In the name of God, the most merciful, the most gracious.
It was a cloudy day in the holy month. The home was a bit quiet, with the resident inside took a nap. I was in my room (well, now it turns into a warehouse) alone with nothing to do. I took my new colorful pens and played with them. Then I started thinking and contemplating. I saw my dream list which I wrote in Google Docs and I reflected where I stood. I realized, I should rearranged my future plan and I had to start conditioning my self to achieve them. Then I was back to my colorful pens and a sheet of paper. I was doodling the paper.

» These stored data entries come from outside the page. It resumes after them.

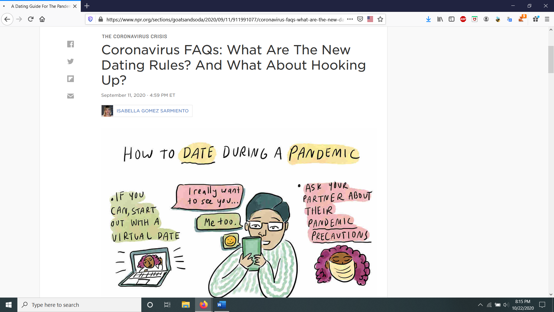 This is an article that discusses steps to take while dating someone new during the Covid-19 pandemic.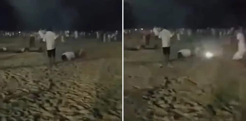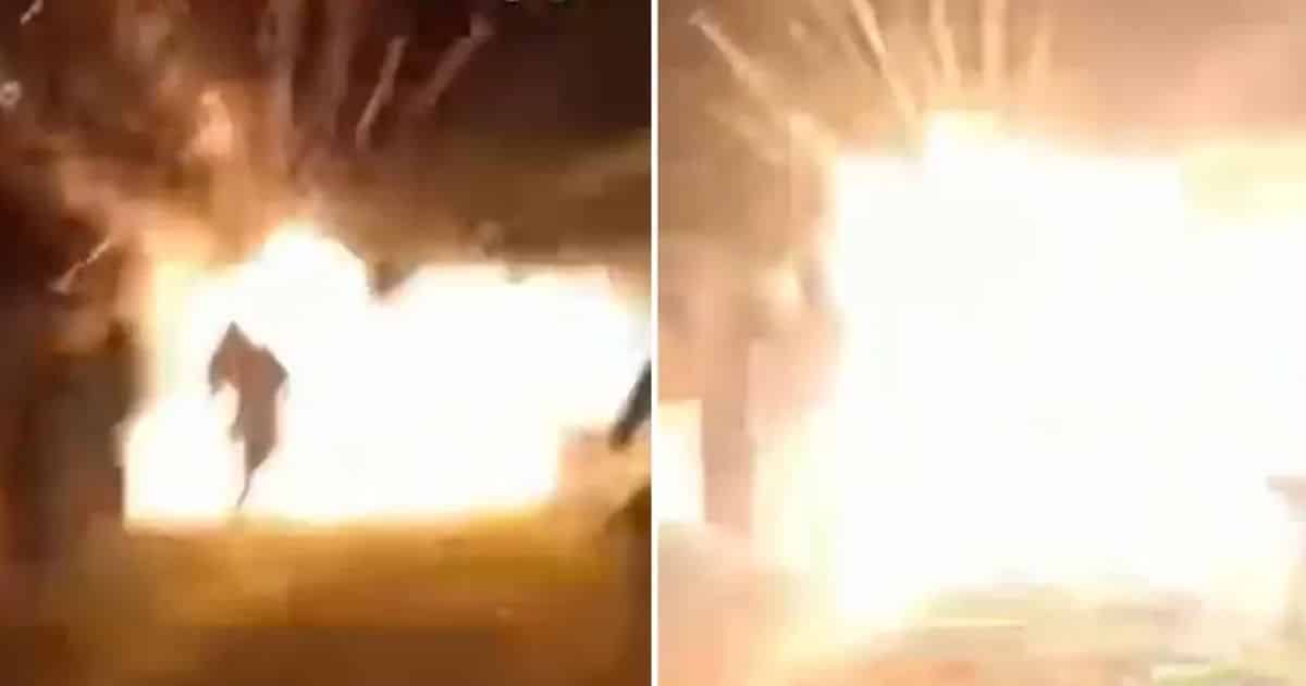 Em meio à queima de fogos, um rojão atingiu a vítima e se prendeu no corpo dela. Segundos depois, em meio ao pânico, o artefato explodiu.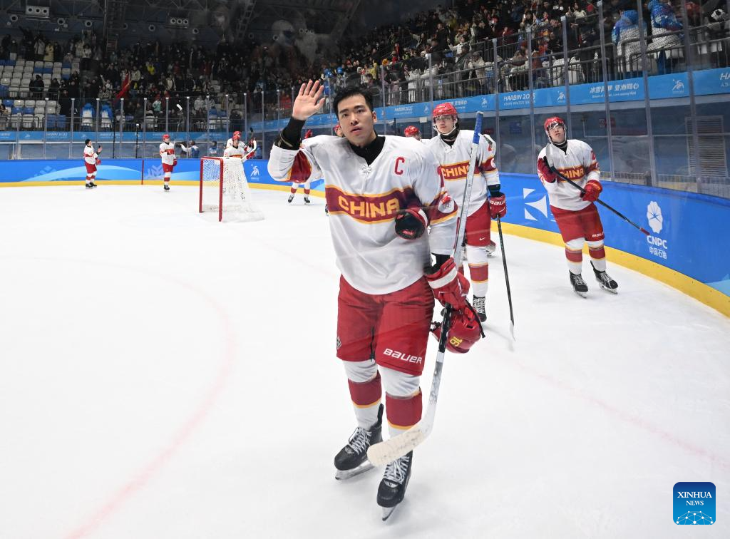Zhang Jiaqi (front) of China greets the spectators after the men's ice hockey play-offs semifinal match between Kazakhstan and China at 9th Asian Winter Games in Harbin, northeast China's Heilongjiang Province, on Feb. 13, 2025. (Xinhua/Li Jianan)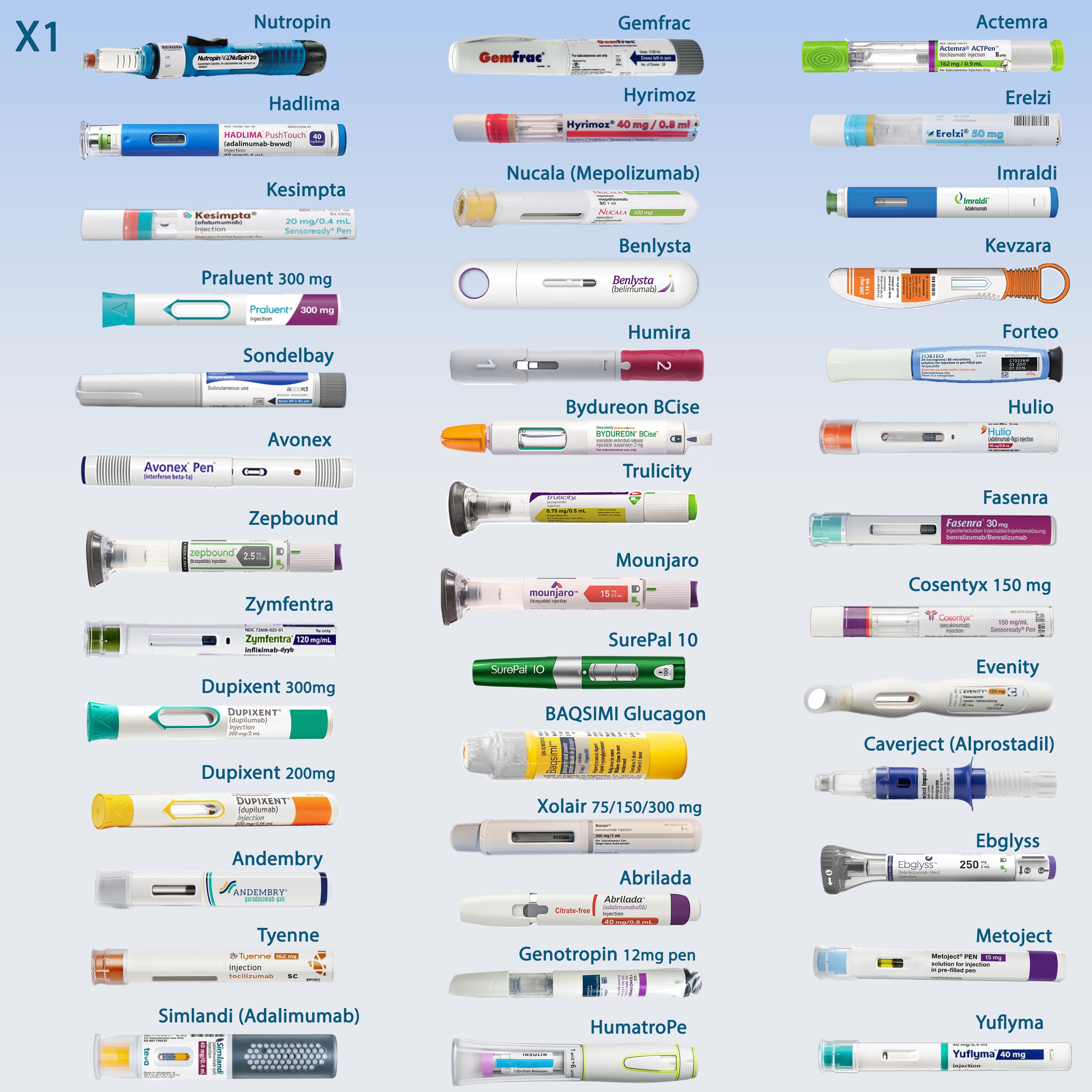 •  1 Unit of Actemra pen, Avonex pen, Belysta pen, Bydureon BCise pen, Entyvio pen, Erelzi pen, Fasenra pen, Forteo pen, Gemfrac pen, Hadlima pen, Humira pen, Imraldi pen, Kevzara pen, Kesimpta pen, Mounjaro pen, Norditropin Nordiflex pen, Norditropin pen, Nucala pan, Nutropin pen, Praluent 300 mg pen, Sondelbay pen, Trulicity pen, Zepbound pen, and similar-size injectables.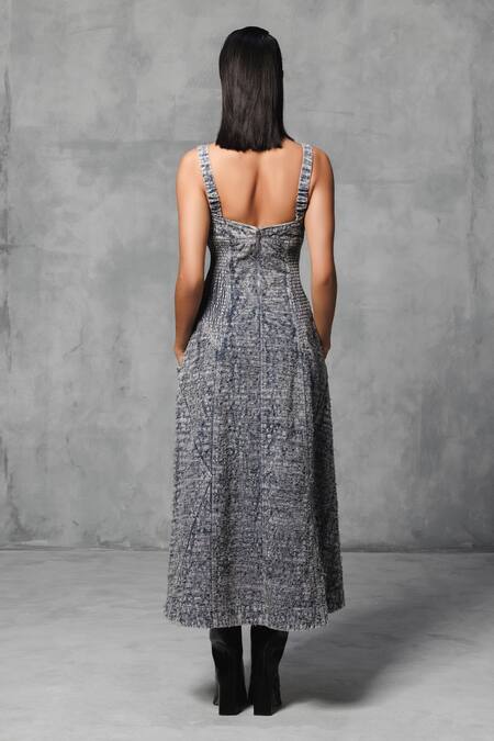 Grey Cotton Sweetheart Neck Overdyed Distressed Dress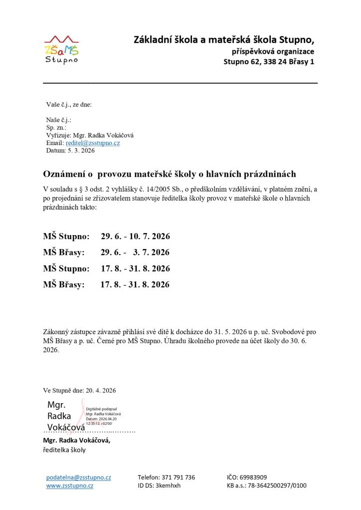 Výši úplaty za jednotlivé měsíce rodiče zjistí u vedoucích učitelek MŠ.

Mr. Sun seemed so shy on that day. He was not showing his self as usual even in this “hot” town. The home was still quiet, no one had woken up from a nap. That Sunday afternoon with every one was fasting, taking a nap was a good choice. In a room, I was still absorbed with my paper. I wrote the timeline of my future, what I wanted to be when I turned into 25, 30, until 52. I vomited anything, about my dream. I wrote that I wanted to go to Europe, get married, have children, make books, build a school, and everything.
It was the 6th day of Ramadhan in 2013. I only could plan, do, and pray. So I was down on my knees and then I prayed, for the best God’s plan for my self, for my dream, for my future. I had planned how my self would be and I would do my best. For anything that I would face some day, it’s all God’s matter.
Allah, make them easy for me if they were good for me.